● WORK TO COMPLETE
In the listing that follows, find the line with "Navigate to Modules", then copy exactly from it through the line with "조식포함인 에어비앤비인데요. 항상", leaving out every picture.

#### RECORDS SHOWN ####

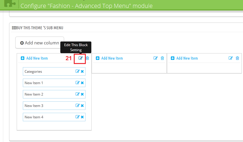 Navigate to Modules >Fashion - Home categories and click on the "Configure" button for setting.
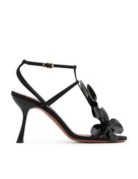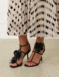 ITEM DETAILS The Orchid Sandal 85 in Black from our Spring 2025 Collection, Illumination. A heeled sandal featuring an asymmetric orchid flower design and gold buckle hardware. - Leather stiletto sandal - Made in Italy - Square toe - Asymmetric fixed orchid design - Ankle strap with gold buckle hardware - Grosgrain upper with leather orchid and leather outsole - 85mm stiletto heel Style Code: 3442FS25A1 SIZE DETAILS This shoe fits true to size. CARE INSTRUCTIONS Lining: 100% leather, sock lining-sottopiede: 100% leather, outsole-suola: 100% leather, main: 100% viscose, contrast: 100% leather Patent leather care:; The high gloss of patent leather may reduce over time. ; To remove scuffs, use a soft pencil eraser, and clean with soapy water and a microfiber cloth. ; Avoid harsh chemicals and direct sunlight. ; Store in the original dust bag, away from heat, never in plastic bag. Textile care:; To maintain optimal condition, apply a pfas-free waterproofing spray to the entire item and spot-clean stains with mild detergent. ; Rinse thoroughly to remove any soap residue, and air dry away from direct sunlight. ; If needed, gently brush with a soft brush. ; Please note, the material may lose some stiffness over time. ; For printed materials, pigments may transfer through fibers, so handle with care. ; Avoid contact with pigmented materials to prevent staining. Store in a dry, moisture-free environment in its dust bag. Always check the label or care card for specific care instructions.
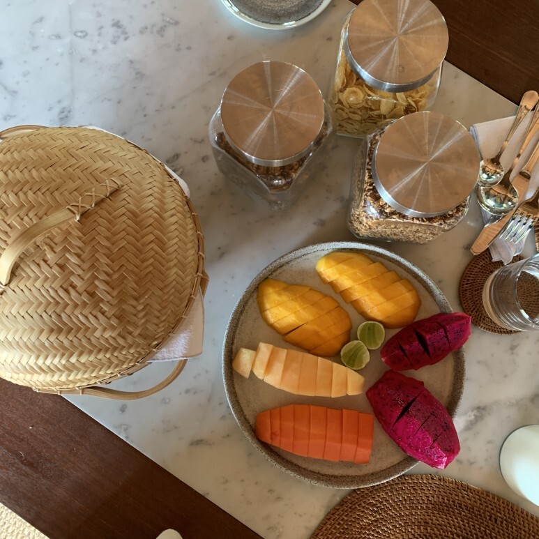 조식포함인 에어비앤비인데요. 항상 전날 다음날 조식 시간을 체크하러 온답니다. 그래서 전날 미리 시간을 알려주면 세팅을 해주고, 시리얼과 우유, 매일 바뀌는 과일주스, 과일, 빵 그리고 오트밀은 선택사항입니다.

####
#### RECORDS SHOWN ####

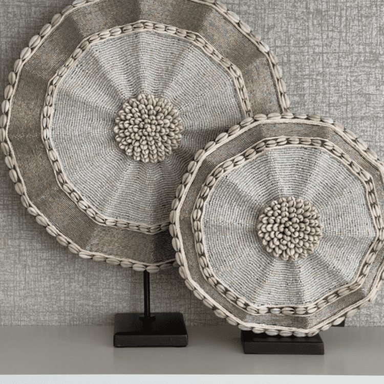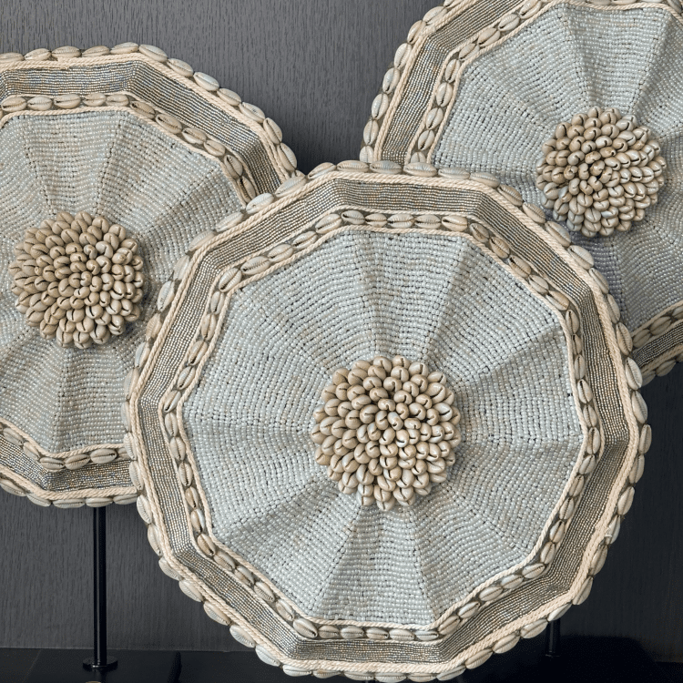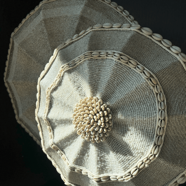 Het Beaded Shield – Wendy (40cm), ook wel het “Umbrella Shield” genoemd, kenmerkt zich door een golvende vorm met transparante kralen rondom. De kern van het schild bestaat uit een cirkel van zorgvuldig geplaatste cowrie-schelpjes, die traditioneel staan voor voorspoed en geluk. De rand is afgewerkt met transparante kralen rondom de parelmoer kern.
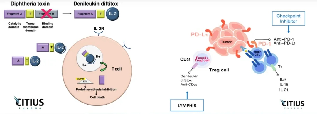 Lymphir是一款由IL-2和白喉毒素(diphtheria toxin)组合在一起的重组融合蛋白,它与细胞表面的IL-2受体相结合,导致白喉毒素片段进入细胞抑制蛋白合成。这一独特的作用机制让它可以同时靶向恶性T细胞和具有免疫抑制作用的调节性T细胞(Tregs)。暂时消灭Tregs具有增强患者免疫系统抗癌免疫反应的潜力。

####
#### RECORDS SHOWN ####

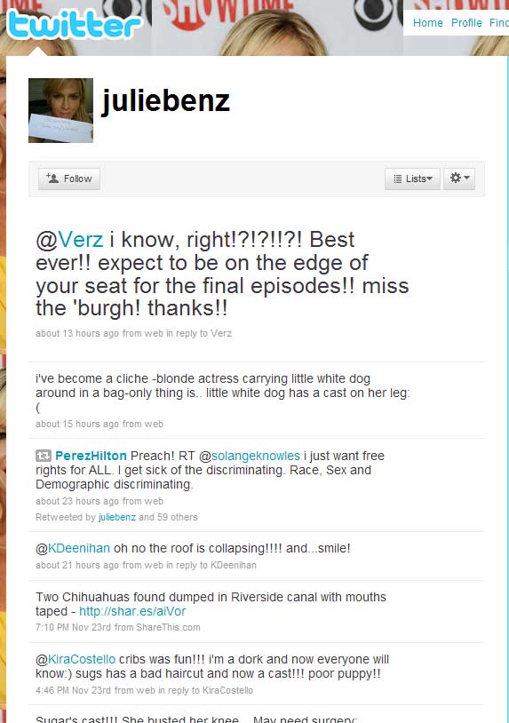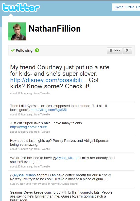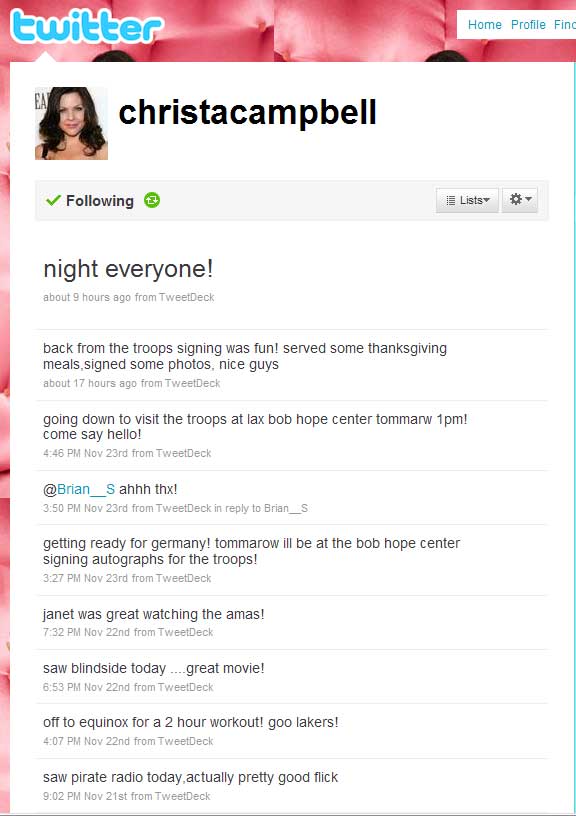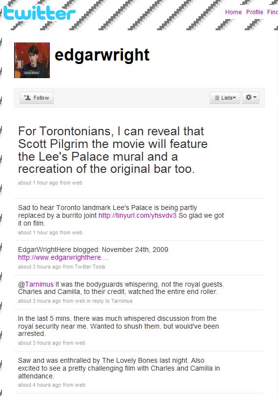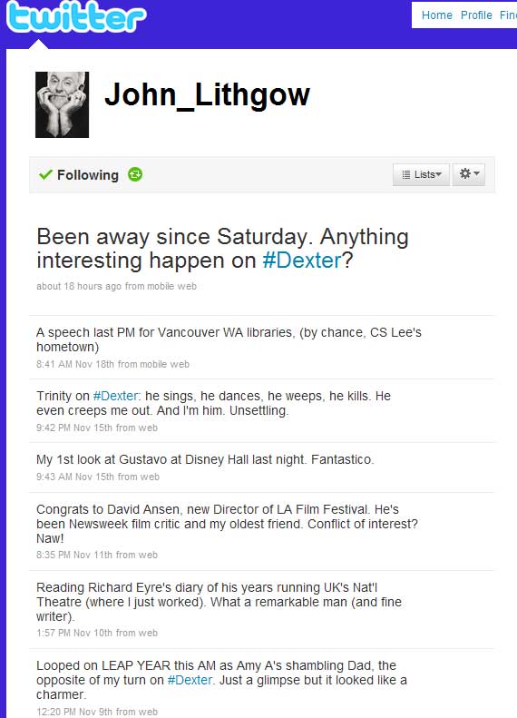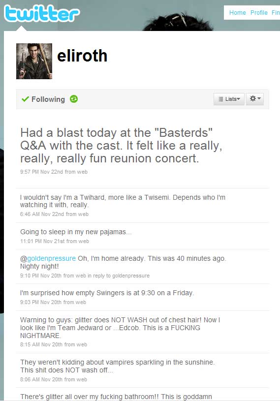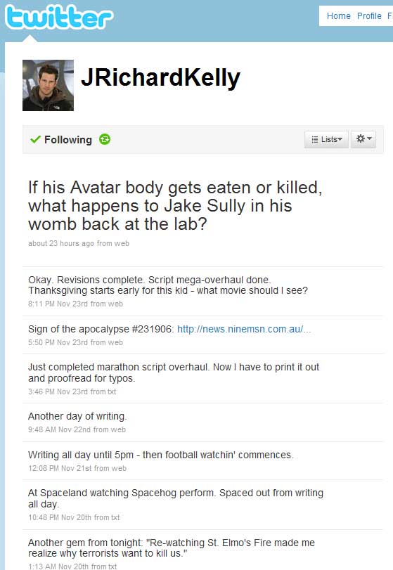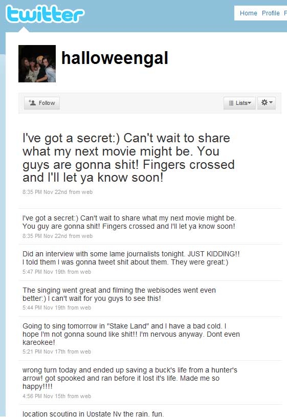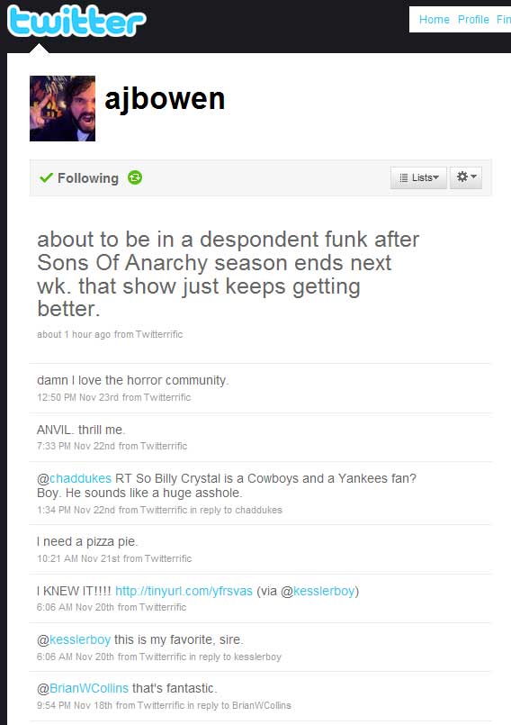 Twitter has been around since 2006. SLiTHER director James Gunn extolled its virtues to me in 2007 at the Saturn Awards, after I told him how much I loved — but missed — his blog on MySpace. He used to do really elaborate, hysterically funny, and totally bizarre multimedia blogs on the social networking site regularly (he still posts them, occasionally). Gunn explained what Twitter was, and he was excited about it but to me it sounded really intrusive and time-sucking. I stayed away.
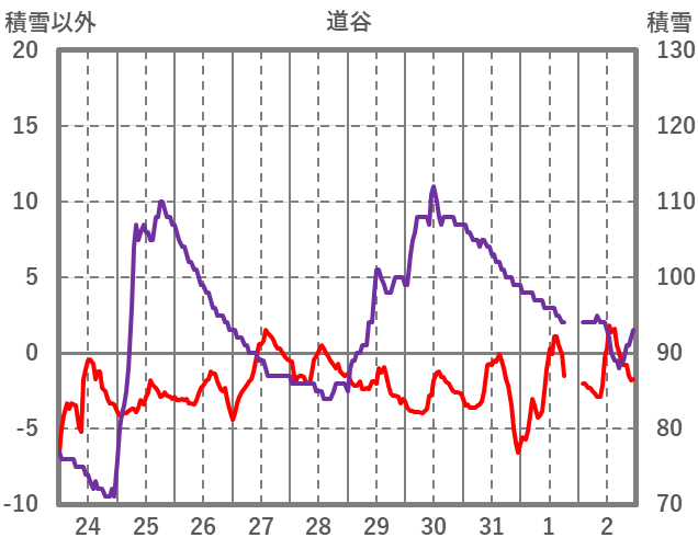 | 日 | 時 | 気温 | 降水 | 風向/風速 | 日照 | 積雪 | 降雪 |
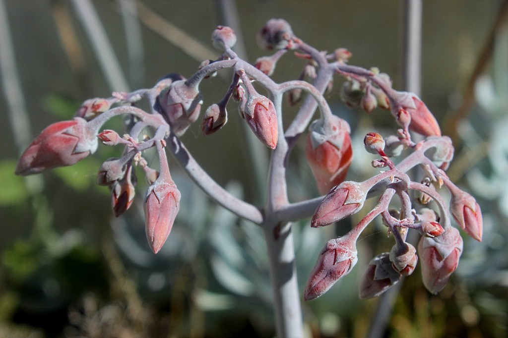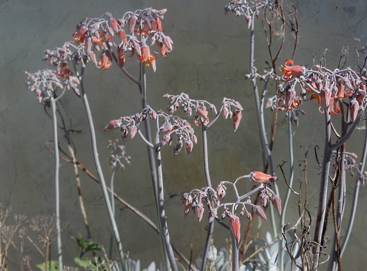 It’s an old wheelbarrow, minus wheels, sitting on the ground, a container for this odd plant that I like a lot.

####

● SOLUTION TO THE PROBLEM
 Navigate to Modules >Fashion - Home categories and click on the "Configure" button for setting.
 ITEM DETAILS The Orchid Sandal 85 in Black from our Spring 2025 Collection, Illumination. A heeled sandal featuring an asymmetric orchid flower design and gold buckle hardware. - Leather stiletto sandal - Made in Italy - Square toe - Asymmetric fixed orchid design - Ankle strap with gold buckle hardware - Grosgrain upper with leather orchid and leather outsole - 85mm stiletto heel Style Code: 3442FS25A1 SIZE DETAILS This shoe fits true to size. CARE INSTRUCTIONS Lining: 100% leather, sock lining-sottopiede: 100% leather, outsole-suola: 100% leather, main: 100% viscose, contrast: 100% leather Patent leather care:; The high gloss of patent leather may reduce over time. ; To remove scuffs, use a soft pencil eraser, and clean with soapy water and a microfiber cloth. ; Avoid harsh chemicals and direct sunlight. ; Store in the original dust bag, away from heat, never in plastic bag. Textile care:; To maintain optimal condition, apply a pfas-free waterproofing spray to the entire item and spot-clean stains with mild detergent. ; Rinse thoroughly to remove any soap residue, and air dry away from direct sunlight. ; If needed, gently brush with a soft brush. ; Please note, the material may lose some stiffness over time. ; For printed materials, pigments may transfer through fibers, so handle with care. ; Avoid contact with pigmented materials to prevent staining. Store in a dry, moisture-free environment in its dust bag. Always check the label or care card for specific care instructions.
 조식포함인 에어비앤비인데요. 항상 전날 다음날 조식 시간을 체크하러 온답니다. 그래서 전날 미리 시간을 알려주면 세팅을 해주고, 시리얼과 우유, 매일 바뀌는 과일주스, 과일, 빵 그리고 오트밀은 선택사항입니다.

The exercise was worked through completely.